The ceiling is, indeed, very low, and filled with images from São Gonçalo's life: scenes on the bridge, splitting the rock (a quite large one), and calling to the fish. We can only assume he is satisfied, staring at those same images for eternity.

 

 

The other capelas and the rest of the church are filled with delightful details and touches. There is enough variety to make each unique, while they support a coherent whole. Like the village that grew around it, the church is layered and picturesque – it's absolutely charming.

 

 

 

 

 


Sandwiched between the Igreja dn the Museu is the Claustro Velho. The severe Ionic arcade continues here, but under the arches are wonderful Manueline vaults.

 

 

 

On the opposite end of the east arcade is the the sacristía.

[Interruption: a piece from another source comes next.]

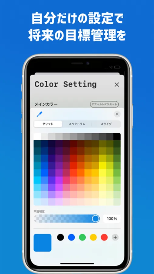 アプリ内で使用するメイン・サブカラーをユーザー毎にカスタマイズすることができます。
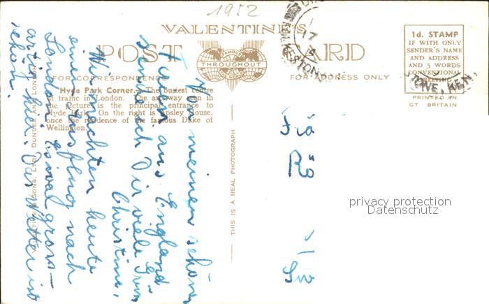 11777443 old postcard London Hyde Park Corner Doppeldeckerbus Valentine’s Post Card postalisch gelaufen Erhaltung siehe scans KatCode: 11570UKI1I11AA

During his inspection, Saramago is distracted and offers this lesson:
The traveller returns to the church, taking a side corridor leading to the sacristy. What he can’t figure out is where the rock and roll is coming from. Perhaps from the main square, or perhaps from a neighbouring addict. In provincial towns, the least noise penetrates everywhere. The traveller takes a couple more steps and listens. Seated at his desk a man, either clerk or sacristan, it’s impossible to figure out which, is making entries into a heavy ledger, a small transistor radio at his side. It is this which is responsible for the music filling the venerable sacristy with nasty and convulsive sounds. Nothing surprises the traveller any longer, but he desires to know what depths the subversion has plumbed. So he enquires: “Would you mind if I took a glance in here?” The sacristan raises his head, looks around affably, and replies: “Of course. Make yourself at home.” And while the traveller takes a turn around the sacristy, examining its painted ceilings, the paintings of artistic note, a gross St Gonçalo, a glutton with an embonpoint, the radiophonic rock and roll draws to a close and another tune begins, affecting an inventiveness it lacks, the inventions pure repetitions, neither trimmed nor developed. The traveller says thank-you, the sacristan continues writing, neither asks but both concur that it is a beautiful day, and the music plays on. Perhaps soon it’ll play a waltz.

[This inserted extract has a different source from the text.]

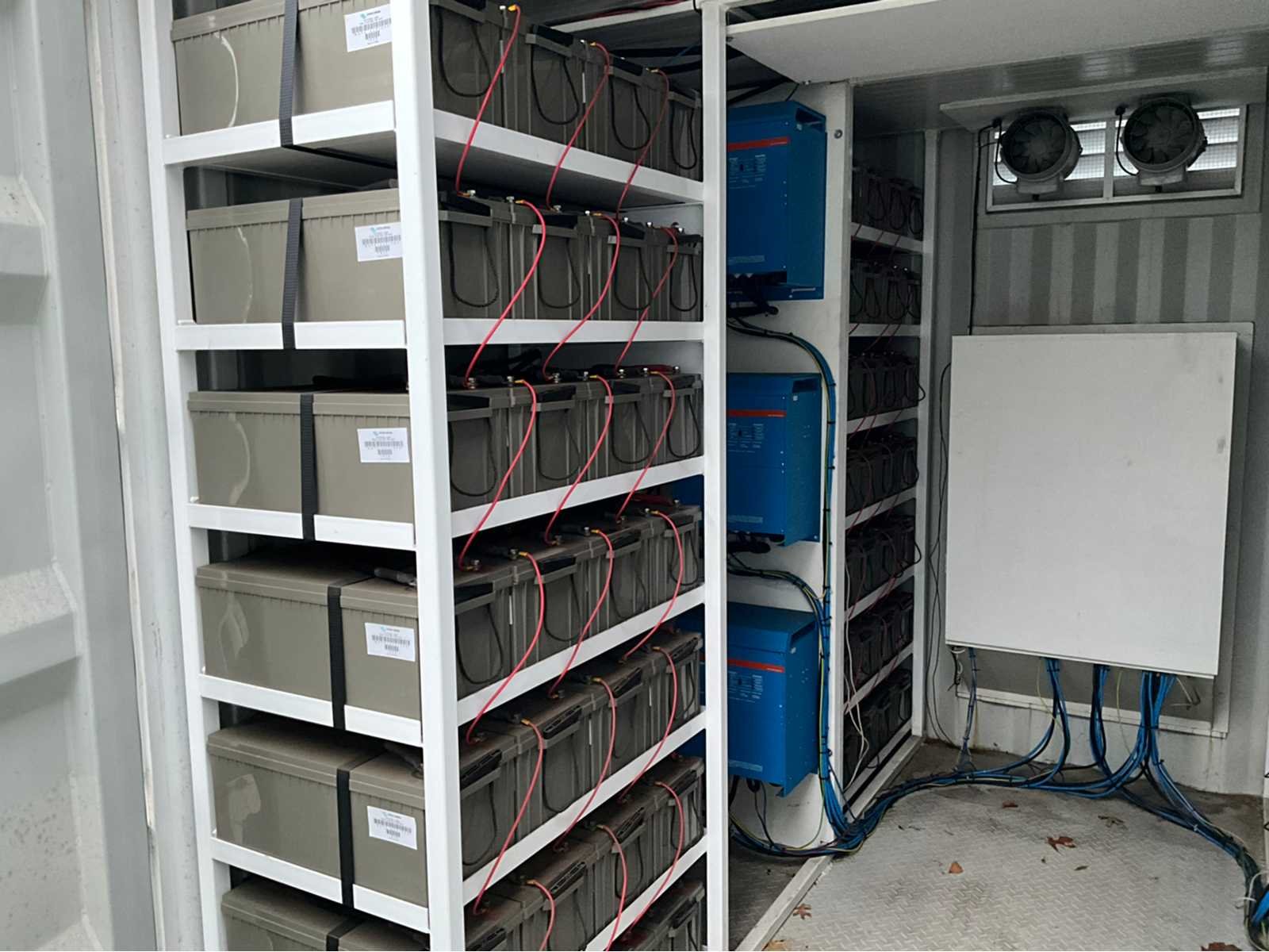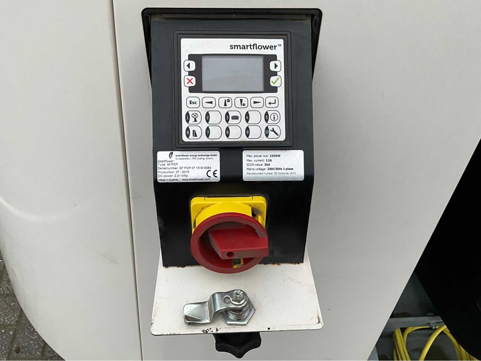 Voorzien van smartflower pop zonnepanelen gemonteerd op stalen onderframe stapelbaar op 10 ft container AC vermogen 2200Watt vermogen DC 2,31 KWP, 112 stuks AGM accu’s á12V-220ah, 6 stuks victron Quattro omvormers type 48volt/10000va/140amp, ventilatie, vermogen 50 KVA, Capaciteit 300kwh, spanning 230V & 400V, geschikt voor zonnepanelen maximaal 20000W, Merk: Victron-energie Type: 10 ft Serienummer: 3 Machinegewicht: 10000kg Totale afmeting L: 3000mm Totale afmeting Breedte: 2400mm Totale afmeting Hoogte: 2600mm

The traveller still regrets not having pulled up a chair at the table where the sacristan was working away at his writing, remaining behind to chat, knowing so much of life and musical tastes: how much there is to lose through not speaking to people! (José Saramago, “Journey to Portugal,” 1990; trans Hopkinson-Caistor, 2000)

Disappointingly, we could not find the image of the 'gross' São Gonçalo – perhaps the traveller refers to the sacristan as the 'glutton'? Often with Saramago, there are too many words, but very few personal insults.

 

 

 

Before returning to the Pousada, we grab some groceries at a nearby supermercado. For the first time in a long time, Siri becomes confused and sends us into the hills of Amarante, then loses track of our location. First, we end up just above our destination. Then we go all the way around the other way, and end up below the store with no way out. We turn around in a neighboring yard, split the difference between the two 'wrong directions', and find our way to the parking lot.

Hard to know how to feel about our next road trip if Siri is not clear, but this is still a good day.